Data records

++++++

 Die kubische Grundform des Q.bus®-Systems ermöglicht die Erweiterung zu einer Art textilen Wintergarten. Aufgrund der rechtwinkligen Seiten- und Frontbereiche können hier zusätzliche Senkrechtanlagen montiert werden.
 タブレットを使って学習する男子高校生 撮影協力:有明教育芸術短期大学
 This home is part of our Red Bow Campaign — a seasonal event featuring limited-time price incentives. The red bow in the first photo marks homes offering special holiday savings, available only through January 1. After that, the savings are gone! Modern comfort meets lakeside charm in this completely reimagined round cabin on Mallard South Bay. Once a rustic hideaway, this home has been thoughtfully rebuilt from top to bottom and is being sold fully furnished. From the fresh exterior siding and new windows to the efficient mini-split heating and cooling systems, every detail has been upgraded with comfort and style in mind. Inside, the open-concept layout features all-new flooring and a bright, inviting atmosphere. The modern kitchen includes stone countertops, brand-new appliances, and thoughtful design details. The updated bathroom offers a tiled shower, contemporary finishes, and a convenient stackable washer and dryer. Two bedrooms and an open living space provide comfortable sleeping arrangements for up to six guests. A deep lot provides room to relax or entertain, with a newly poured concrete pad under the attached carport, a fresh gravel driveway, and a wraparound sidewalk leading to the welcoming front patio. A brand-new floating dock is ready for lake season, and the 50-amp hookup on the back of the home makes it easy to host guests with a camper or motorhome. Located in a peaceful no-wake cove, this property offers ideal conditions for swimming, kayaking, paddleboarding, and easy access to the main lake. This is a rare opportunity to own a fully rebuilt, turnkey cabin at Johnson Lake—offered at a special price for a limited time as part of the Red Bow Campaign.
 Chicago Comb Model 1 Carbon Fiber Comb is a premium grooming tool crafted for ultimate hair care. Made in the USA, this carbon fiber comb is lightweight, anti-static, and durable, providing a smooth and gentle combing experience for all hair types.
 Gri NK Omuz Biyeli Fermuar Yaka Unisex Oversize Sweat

++++++

> _How to complete this task_
Your answer must hold the line containing "This home is" and all lines after it in the entries above, exactly, and nothing else.

> _Written response_
 This home is part of our Red Bow Campaign — a seasonal event featuring limited-time price incentives. The red bow in the first photo marks homes offering special holiday savings, available only through January 1. After that, the savings are gone! Modern comfort meets lakeside charm in this completely reimagined round cabin on Mallard South Bay. Once a rustic hideaway, this home has been thoughtfully rebuilt from top to bottom and is being sold fully furnished. From the fresh exterior siding and new windows to the efficient mini-split heating and cooling systems, every detail has been upgraded with comfort and style in mind. Inside, the open-concept layout features all-new flooring and a bright, inviting atmosphere. The modern kitchen includes stone countertops, brand-new appliances, and thoughtful design details. The updated bathroom offers a tiled shower, contemporary finishes, and a convenient stackable washer and dryer. Two bedrooms and an open living space provide comfortable sleeping arrangements for up to six guests. A deep lot provides room to relax or entertain, with a newly poured concrete pad under the attached carport, a fresh gravel driveway, and a wraparound sidewalk leading to the welcoming front patio. A brand-new floating dock is ready for lake season, and the 50-amp hookup on the back of the home makes it easy to host guests with a camper or motorhome. Located in a peaceful no-wake cove, this property offers ideal conditions for swimming, kayaking, paddleboarding, and easy access to the main lake. This is a rare opportunity to own a fully rebuilt, turnkey cabin at Johnson Lake—offered at a special price for a limited time as part of the Red Bow Campaign.
 Chicago Comb Model 1 Carbon Fiber Comb is a premium grooming tool crafted for ultimate hair care. Made in the USA, this carbon fiber comb is lightweight, anti-static, and durable, providing a smooth and gentle combing experience for all hair types.
 Gri NK Omuz Biyeli Fermuar Yaka Unisex Oversize Sweat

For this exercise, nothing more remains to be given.